IMF2017

To simulate the polarization dynamics of ferroelectrics, the model of local fields is improved by considering thermal vibrations. The local electric field at a dipole is the superposition of the external field, the fields of all other charges and dipoles and the fields of the image charges at the electrodes. The model is based on a sequence of single dipole flips which are thermally activated. The time to flip a single dipole depends on its deterministic transition rate depending on the local field and on a probabilistic factor. In each step, the dipole with the shortest flip time is switched. Thermal vibrations change the distances between the dipoles. The variation of distances modifies the local fields at the dipoles.

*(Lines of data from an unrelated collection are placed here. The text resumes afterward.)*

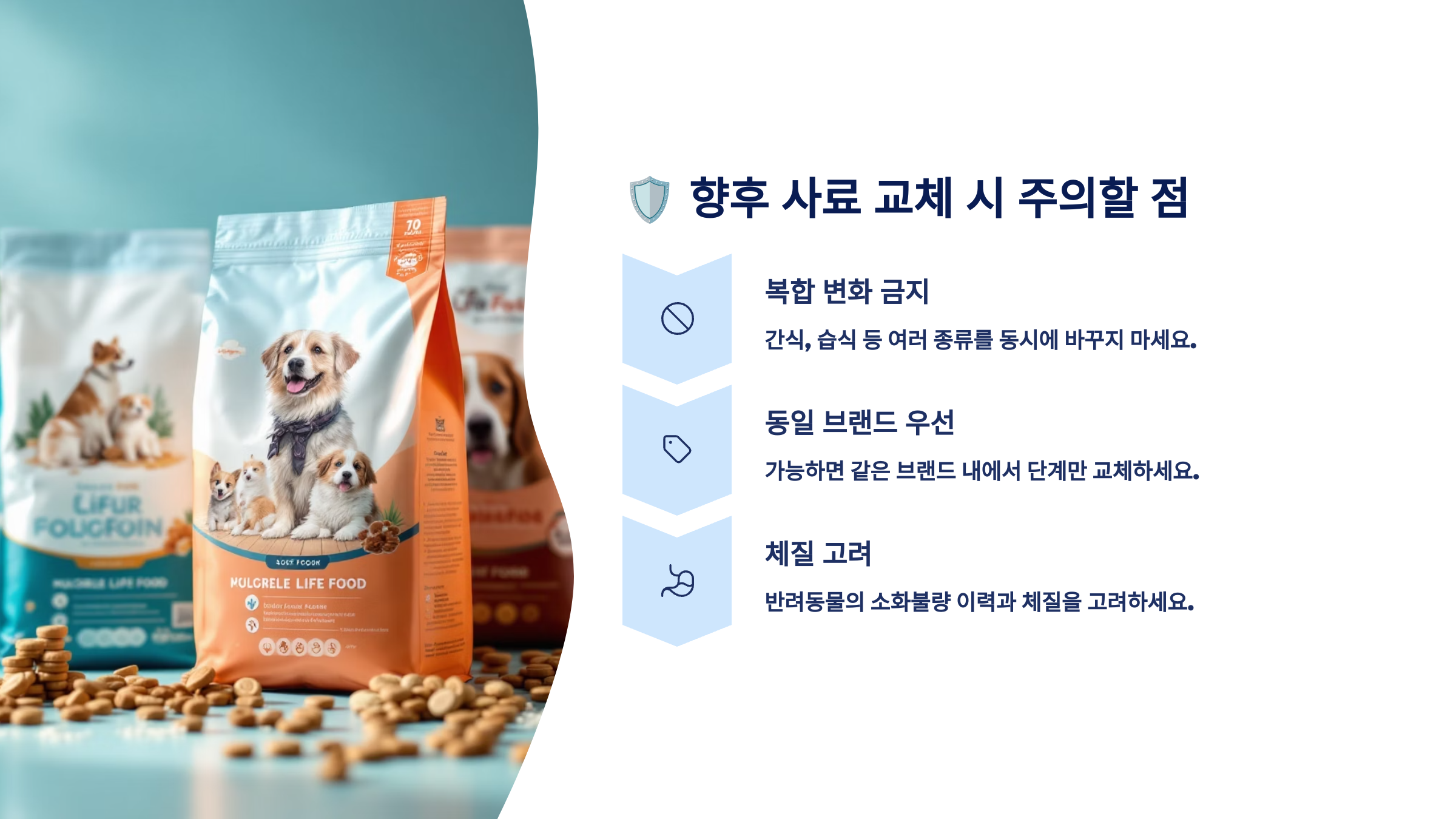 이제 사료 전환이 무서운 게 아니에요! 다음은 앞으로 사료 교체할 때 반드시 기억해야 할 주의사항을 알려드릴게요 🛡️🍽️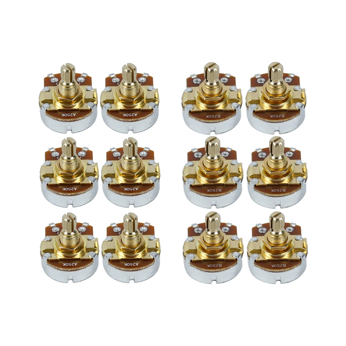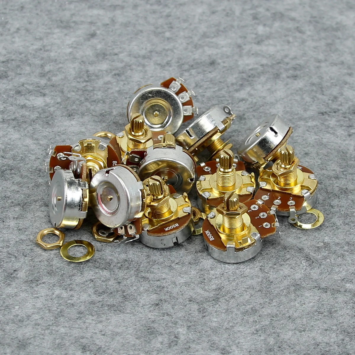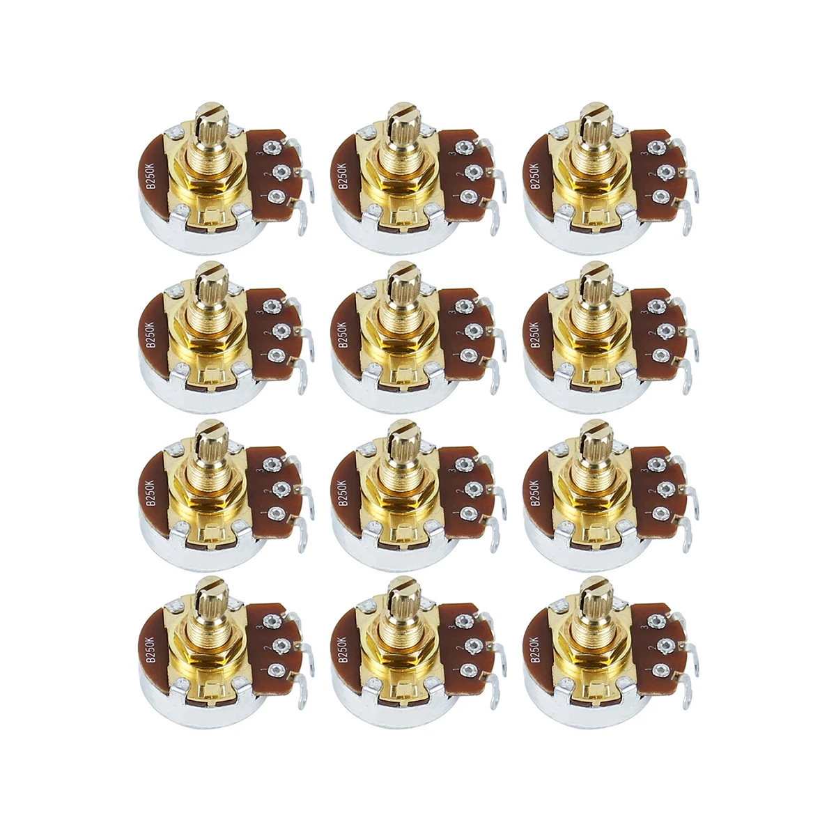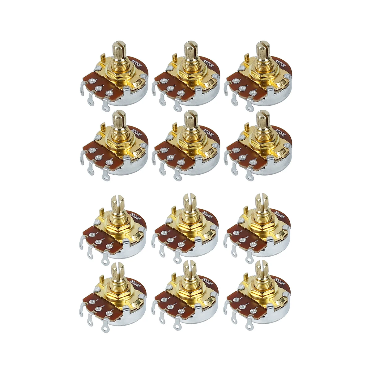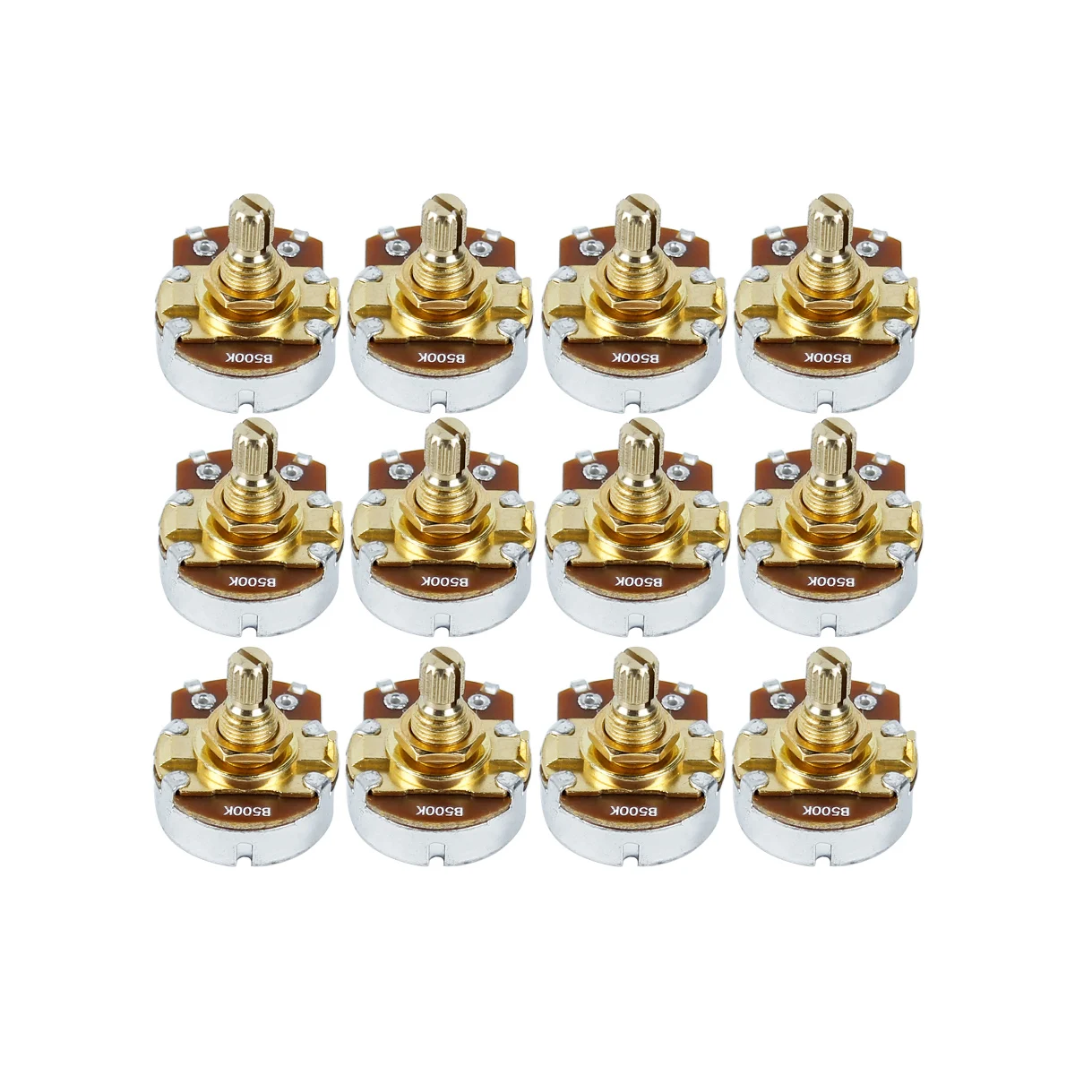 - Includes 12 sturdy, bronze-colored potentiometers with 15mm short shafts, ideal for precise control in electric guitar and bass setups.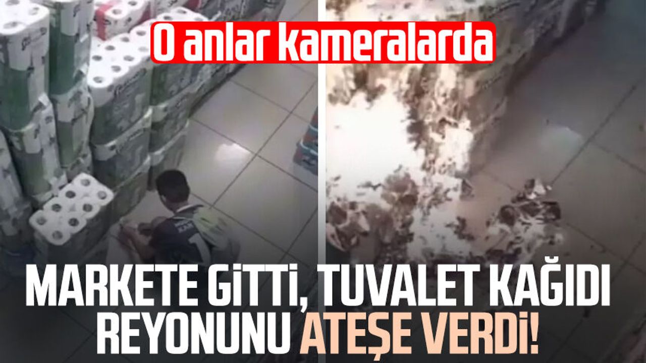 MARKETE GİDEN ÇOCUK TUVALET KAĞIDI REYONUNU ATEŞE VERDİ

The extended model considers these variations by multiplying the local fields in each step with Gaussian distributed random numbers. The model is applied to compute the polarization of two and of three dimensional systems based on the barium titanate structure. Polarization switching, hysteresis loops and the decay of the polarization during heating are simulated.The simulations yield intrinsic dead layers close to the electrodes and around defects which cannot be switched even in very strong fields. These nonswitchable layers are nuclei for domains and thus nuclei for polarization switching. The switching time of the system vastly decreases with the amplitude of the thermal vibrations. Moreover, the thermal vibrations enable the polarization switching in low external fields, decrease the coercive fields and cause a sharp phase transition from ferroelectric to paraelectric.